1 of 1

aviary.litqa

LitQA2 environment implemented with aviary, allowing agents to perform question answering on the LitQA dataset.

LitQA (now legacy) is a dataset composed from 50 multiple-choice questions from recent literature. It is designed to test the LLM's the ability to retrieve information outside of the pre-training corpus. To ensure the questions are not in the pre-training corpus, the questions were collected from scientific papers published after September 2021 -- cut-off date of GPT-4's training data.

LitQA2 is part of the LAB-Bench dataset. LitQA2 contains 248 multiple-choice questions from the literature and was created ensuring that the questions cannot be answered by recalling from the pre-training corpus only. It considered scientific paper published within 36 months from the data of its publication. Therefore, LitQA2 is considered a scientific RAG dataset.

Installation

To install the LitQA environment, run:

pip install fhaviary[litqa]

Usage

In litqa/env.py, you will find:

GradablePaperQAEnvironment: an environment that can grade answers given an evaluation function.

And in litqa/task.py, you will find:

LitQAv2TaskDataset: a task dataset designed to pull LitQA v2 from Hugging Face, and create one GradablePaperQAEnvironment per question

Here is an example of how to use them:

import os

from ldp.agent import SimpleAgent
from ldp.alg import Evaluator, EvaluatorConfig, MeanMetricsCallback
from paperqa import Settings

from aviary.env import TaskDataset
from aviary.envs.litqa.task import TASK_DATASET_NAME


async def evaluate(folder_of_litqa_v2_papers: str | os.PathLike) -> None:
    settings = Settings(paper_directory=folder_of_litqa_v2_papers)
    dataset = TaskDataset.from_name(TASK_DATASET_NAME, settings=settings)
    metrics_callback = MeanMetricsCallback(eval_dataset=dataset)

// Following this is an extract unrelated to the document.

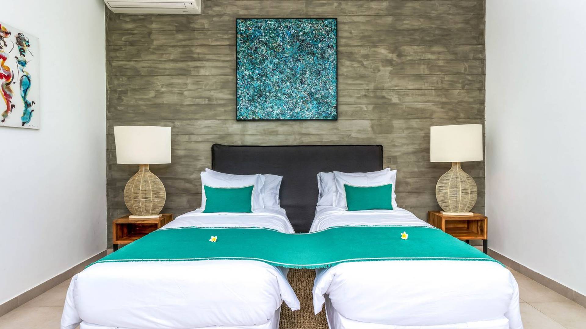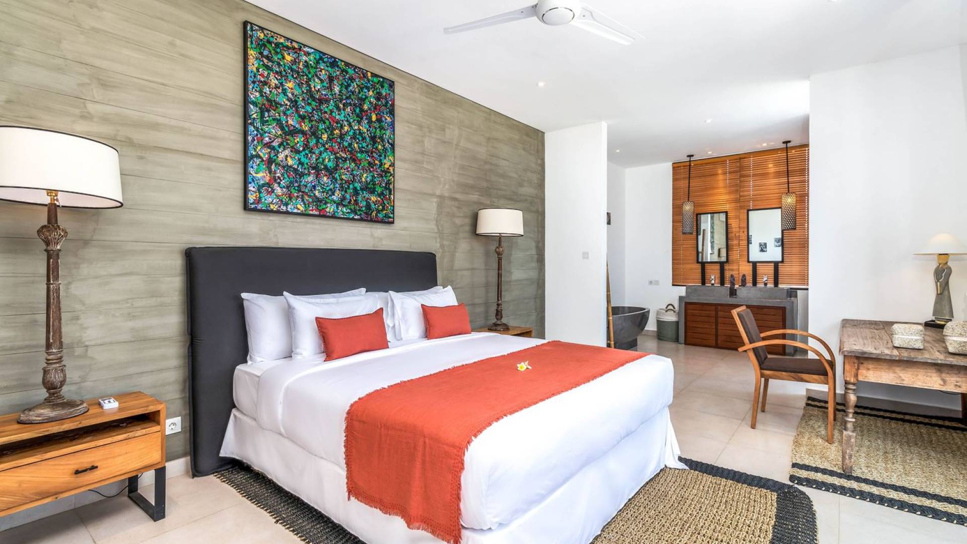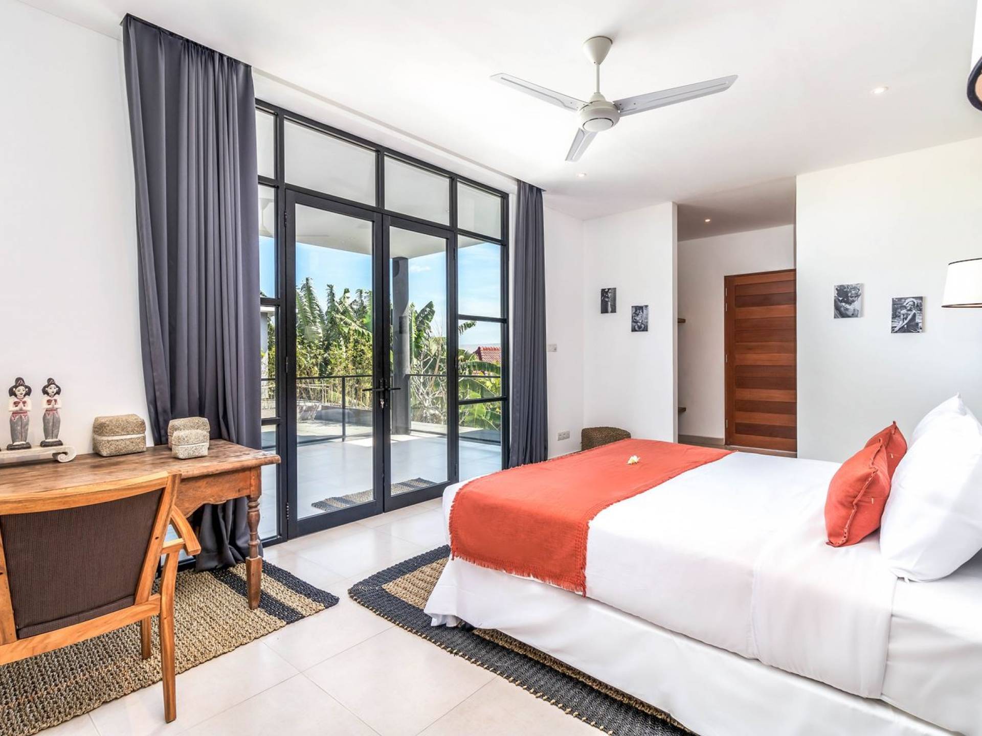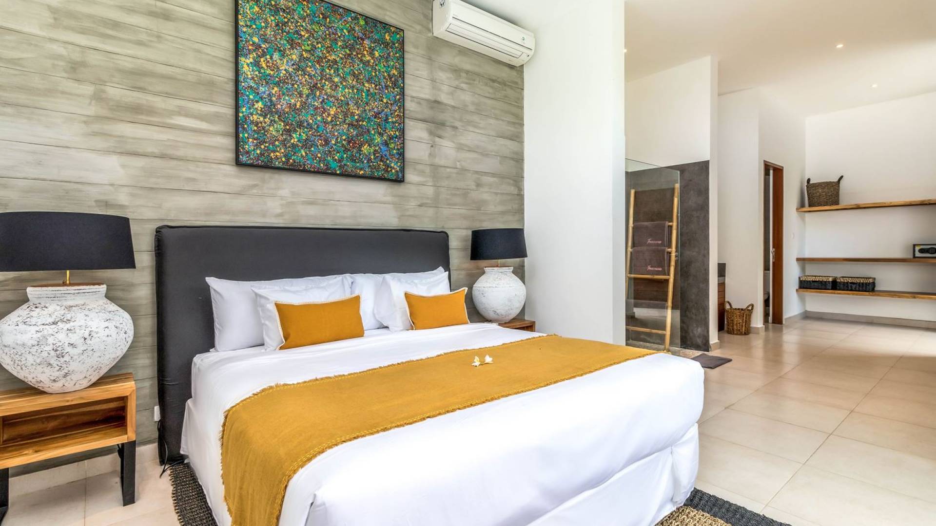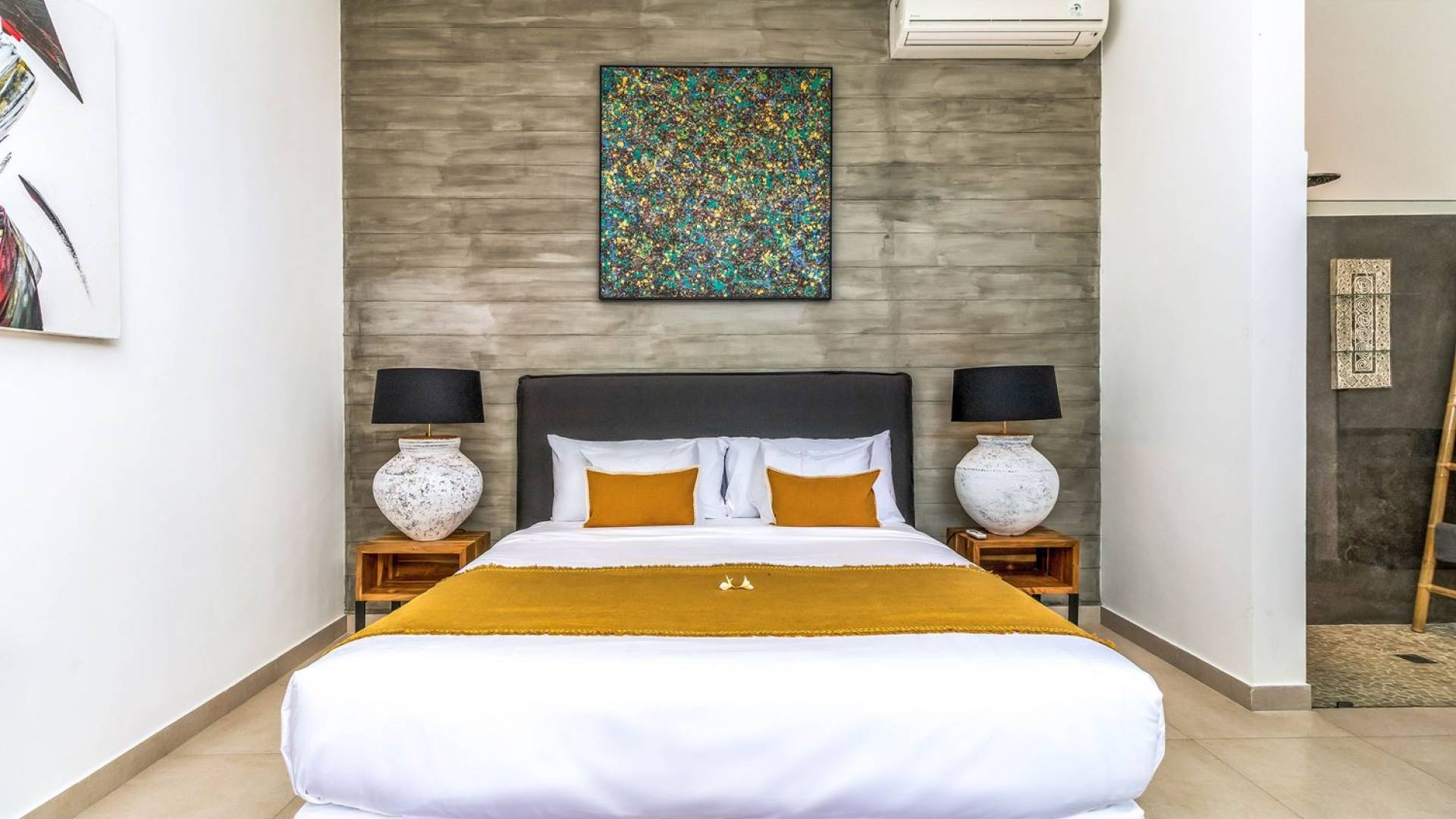 Villa Jaanuva Canggu ist eine Villa mit 3 Schlafzimmern, mit 1 Hauptsuite im ersten Stock (angrenzend an die Sonnenuntergangsterrasse) und 2 Schlafzimmern im Erdgeschoss, die sich öffnen zum Garten- und Poolbereich. Lust auf morgendliches Schwimmen, irgendjemand? Die Master-Suite ist sehr geräumig und mit einem Kingsize-Bett, einem Schreibtisch und Kleiderschränken mit Safe ausgestattet. Das eigene Badezimmer ist ebenfalls geräumig und verfügt über eine große Badewanne und eine entspannende Regendusche. Unten gibt es ein Schlafzimmer mit einem Kingsize-Bett und ein kleineres Schlafzimmer mit zwei Einzelbetten. Beide Zimmer sind klimatisiert und verfügen jeweils über ein eigenes Badezimmer, von dem eines über eine Badewanne verfügt. Alle Zimmer sind mit Safes zur Aufbewahrung wertvoller Gegenstände ausgestattet. Gäste, die in den Zimmern im Erdgeschoss wohnen, können morgens als erstes aufwachen und fast direkt in den Pool springen – alles, was man tun muss, ist, diese Glastüren zu öffnen. Darum geht es doch im Urlaub, nicht wahr?

    evaluator = Evaluator(
        config=EvaluatorConfig(batch_size=3),
        agent=SimpleAgent(),
        dataset=dataset,
        callbacks=[metrics_callback],
    )
    await evaluator.evaluate()

    print(metrics_callback.eval_means)

References

[1] Lála et al. PaperQA: Retrieval-Augmented Generative Agent for Scientific Research. ArXiv:2312.07559, 2023.

[2] Skarlinski et al. Language agents achieve superhuman synthesis of scientific knowledge. ArXiv:2409.13740, 2024.

[3] Laurent et al. LAB-Bench: Measuring Capabilities of Language Models for Biology Research. ArXiv:2407.10362, 2024.